Self-avoidance, a process preventing interactions of axons and dendrites from the same neuron during development, is mediated in vertebrates through the stochastic single-neuron expression of clustered protocadherin protein isoforms. Extracellular cadherin (EC) domains mediate isoform-specific homophilic binding between cells, conferring cell recognition through a poorly understood mechanism. Here, we report crystal structures for the EC1-EC3 domain regions from four protocadherin isoforms representing the α, ß, and γ subfamilies. All are rod shaped and monomeric in solution. Biophysical measurements, cell aggregation assays, and computational docking reveal that trans binding between cells depends on the EC1-EC4 domains, which interact in an antiparallel orientation. We also show that the EC6 domains are required for the formation of cis-dimers. Overall, our results are consistent with a model in which protocadherin cis-dimers engage in a head-to-tail interaction between EC1-EC4 domains from apposed cell surfaces, possibly forming a zipper-like protein assembly, and thus providing a size-dependent self-recognition mechanism.

Crystal structures of Drosophila N-cadherin ectodomain regions reveal a widely used class of Ca²+-free interdomain linkers.
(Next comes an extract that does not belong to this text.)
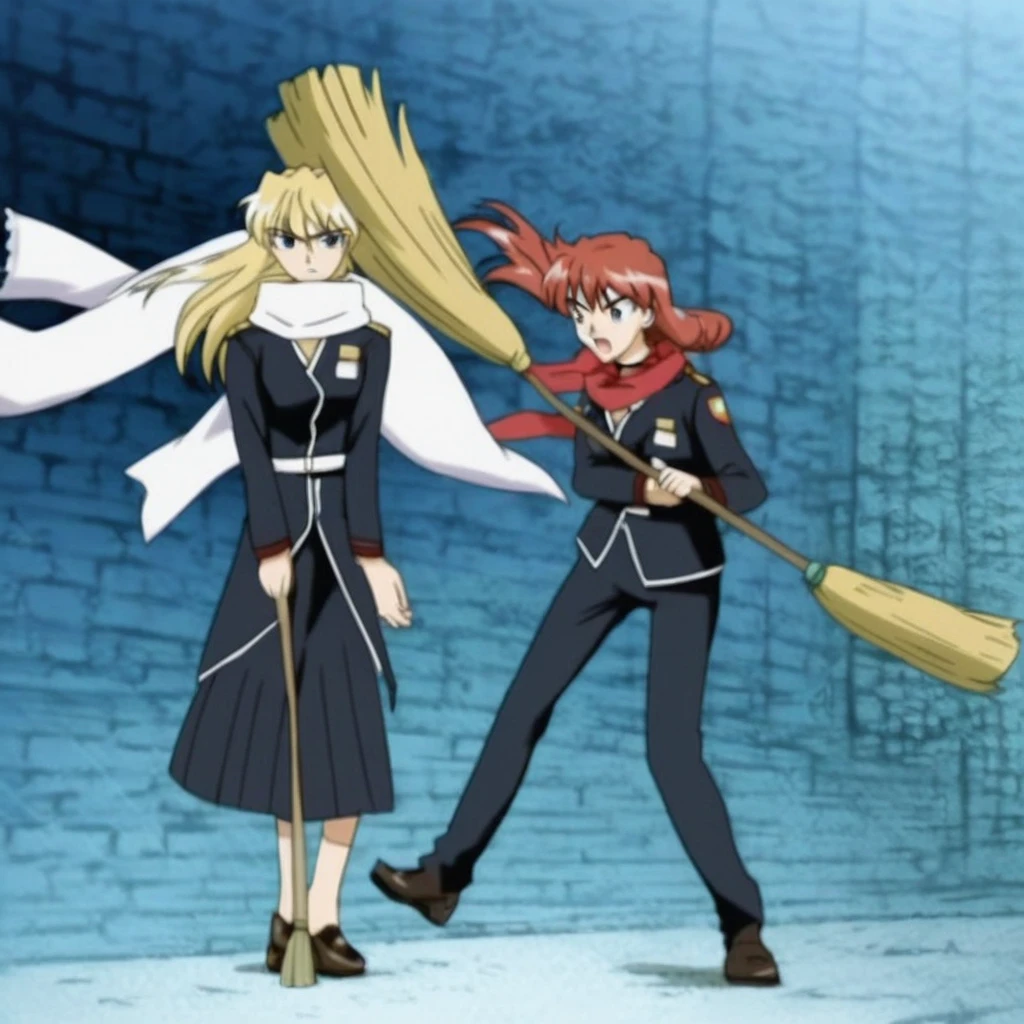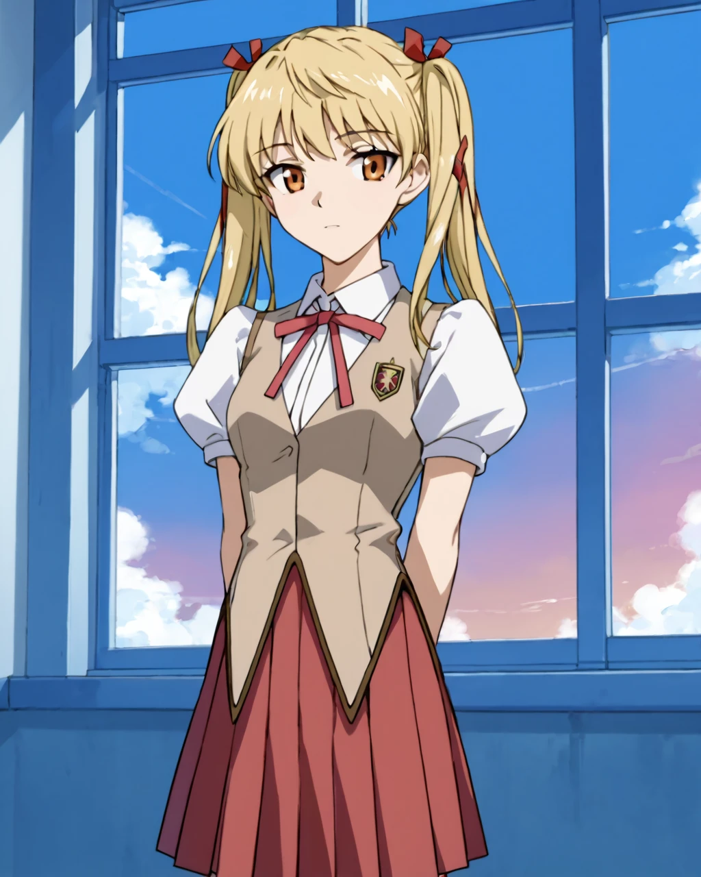 • Eri Sawachika, Eri, Blonde hair, Amber eyes, 1girl, solo, school uniform, skirt, twintails, puffy sleeves, vest, ribbon, pleated skirt, red skirt, shirt, short sleeves, red ribbon, white shirt, long hair, puffy short sleeves, hair ribbon, brown vest,collared shirt
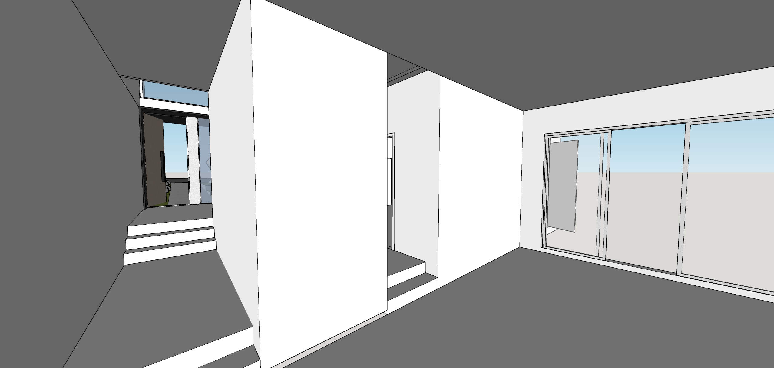 interior viewing from a seating space in the right and also to left is the corridor looking into a double volume spatial entrance featuring large glazing using a light feature addressing the welcoming atmosphere

Vertebrate classical cadherins mediate selective calcium-dependent cell adhesion by mechanisms now understood at the atomic level. However, structures and adhesion mechanisms of cadherins from invertebrates, which are highly divergent yet function in similar roles, remain unknown. Here we present crystal structures of three- and four-tandem extracellular cadherin (EC) domain segments from Drosophila N-cadherin (DN-cadherin), each including the predicted N-terminal EC1 domain (denoted EC1') of the mature protein. While the linker regions for the EC1'-EC2' and EC3'-EC4' pairs display binding of three Ca(2+) ions similar to that of vertebrate cadherins, domains EC2' and EC3' are joined in a "kinked" orientation by a previously uncharacterized Ca(2+)-free linker. Biophysical analysis demonstrates that a construct containing the predicted N-terminal nine EC domains of DN-cadherin forms homodimers with affinity similar to vertebrate classical cadherins, whereas deleting the ninth EC domain ablates dimerization. These results suggest that, unlike their vertebrate counterparts, invertebrate cadherins may utilize multiple EC domains to form intercellular adhesive bonds. Sequence analysis reveals that similar Ca(2+)-free linkers are widely distributed in the ectodomains of both vertebrate and invertebrate cadherins.